When you reach the line containing "今回のコーディネートはヘンリ", begin reproducing the material exactly, stop after the line containing "- 【15%OFF】ギャッベ 座布団サイズ", and leave out any pictures along the way.

DATASET CONTENT
+++++

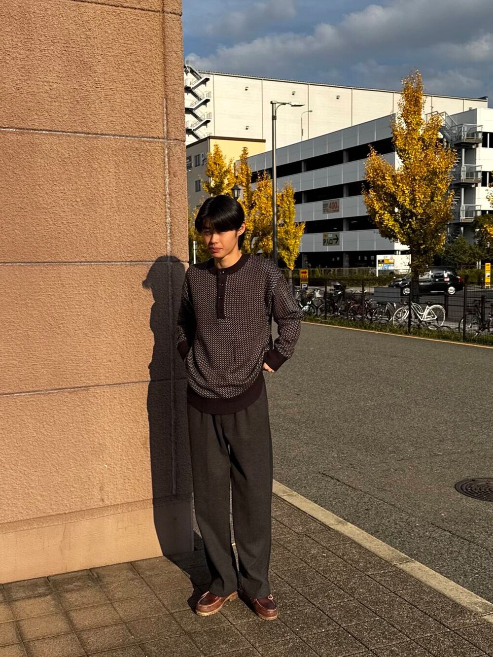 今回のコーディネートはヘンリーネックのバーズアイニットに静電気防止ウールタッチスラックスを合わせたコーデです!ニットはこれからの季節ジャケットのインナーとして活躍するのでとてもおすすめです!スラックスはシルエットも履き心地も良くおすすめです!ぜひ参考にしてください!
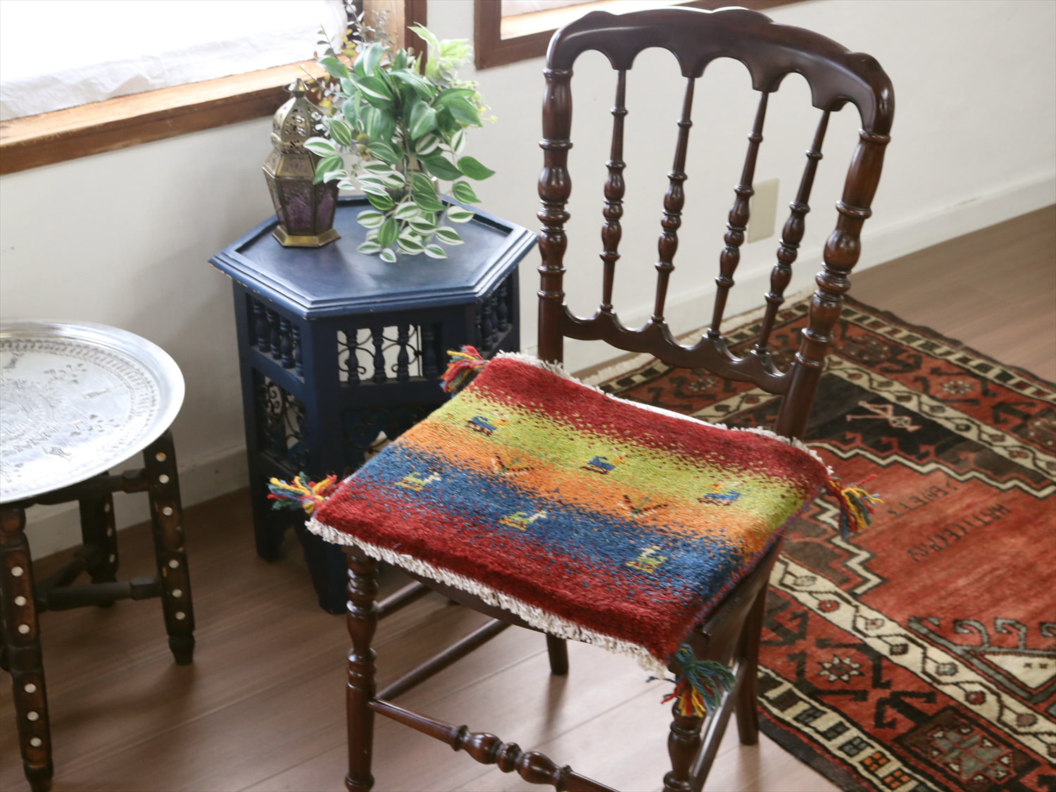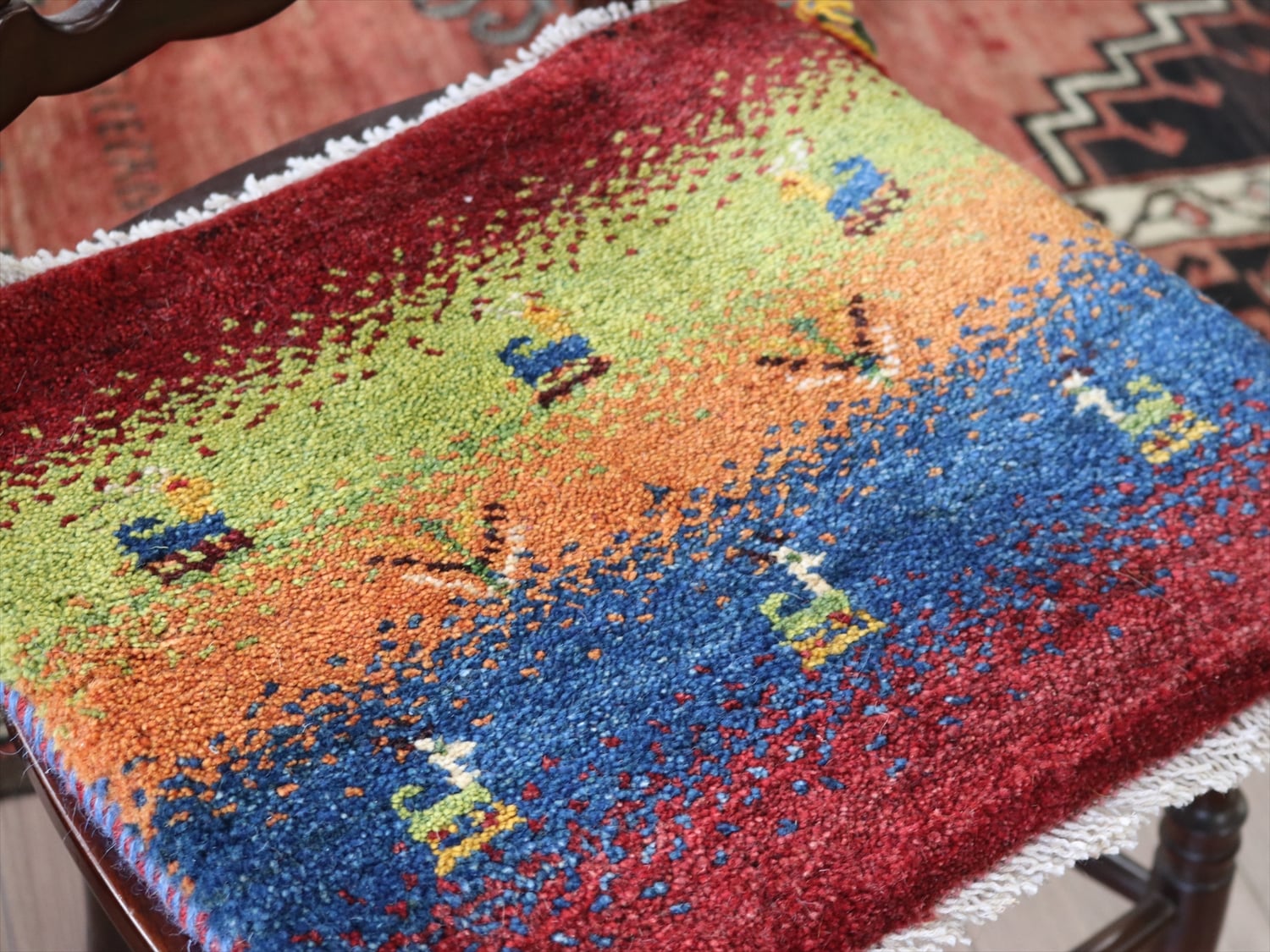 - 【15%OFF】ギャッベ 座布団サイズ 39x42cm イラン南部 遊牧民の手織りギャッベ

+++++

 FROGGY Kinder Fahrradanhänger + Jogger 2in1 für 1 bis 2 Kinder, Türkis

+++++

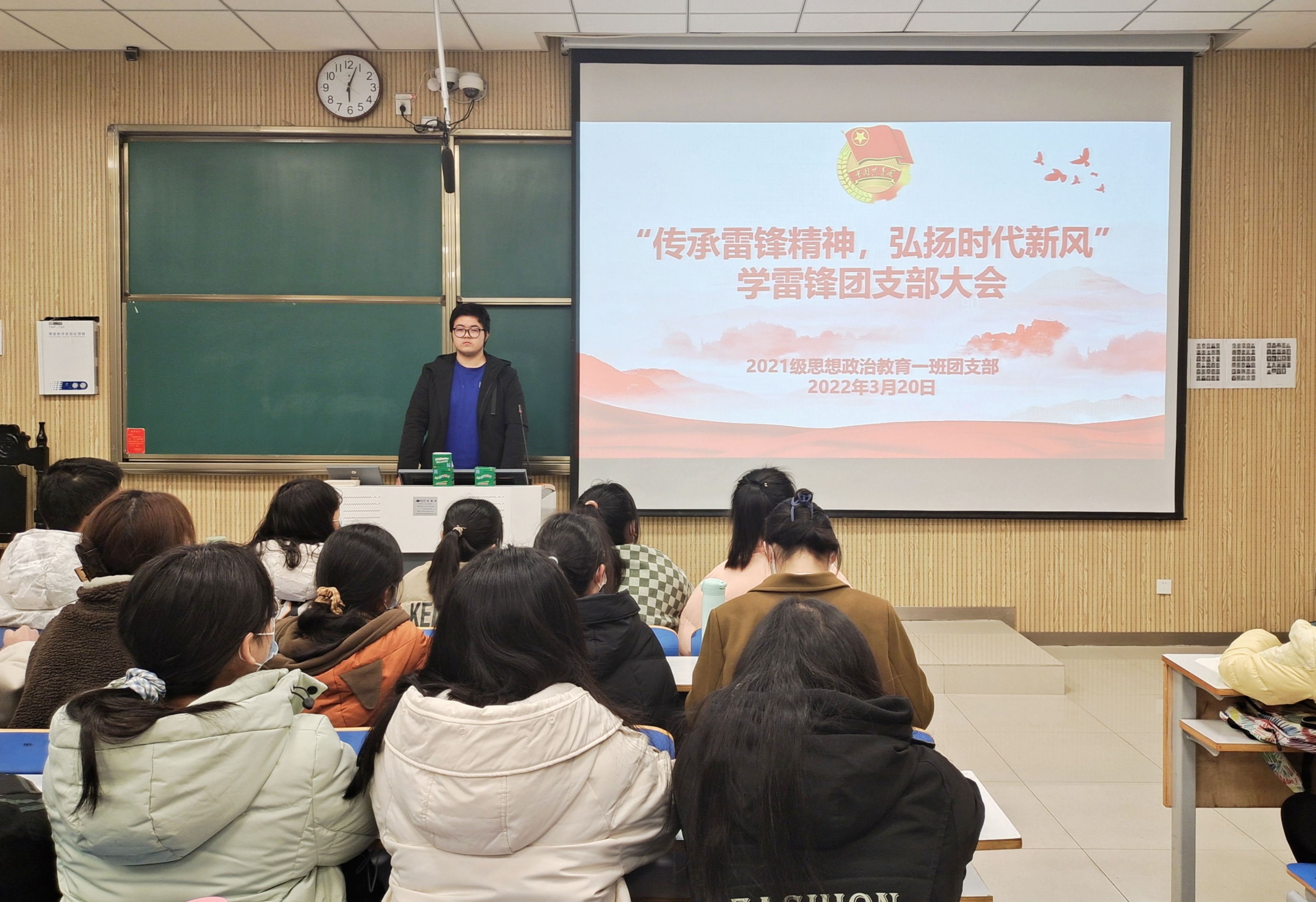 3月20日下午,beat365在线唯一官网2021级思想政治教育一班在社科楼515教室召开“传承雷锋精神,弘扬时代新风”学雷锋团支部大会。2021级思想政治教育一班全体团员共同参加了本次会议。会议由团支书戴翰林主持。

+++++

RESPONSE AREA
 今回のコーディネートはヘンリーネックのバーズアイニットに静電気防止ウールタッチスラックスを合わせたコーデです!ニットはこれからの季節ジャケットのインナーとして活躍するのでとてもおすすめです!スラックスはシルエットも履き心地も良くおすすめです!ぜひ参考にしてください!
 - 【15%OFF】ギャッベ 座布団サイズ 39x42cm イラン南部 遊牧民の手織りギャッベ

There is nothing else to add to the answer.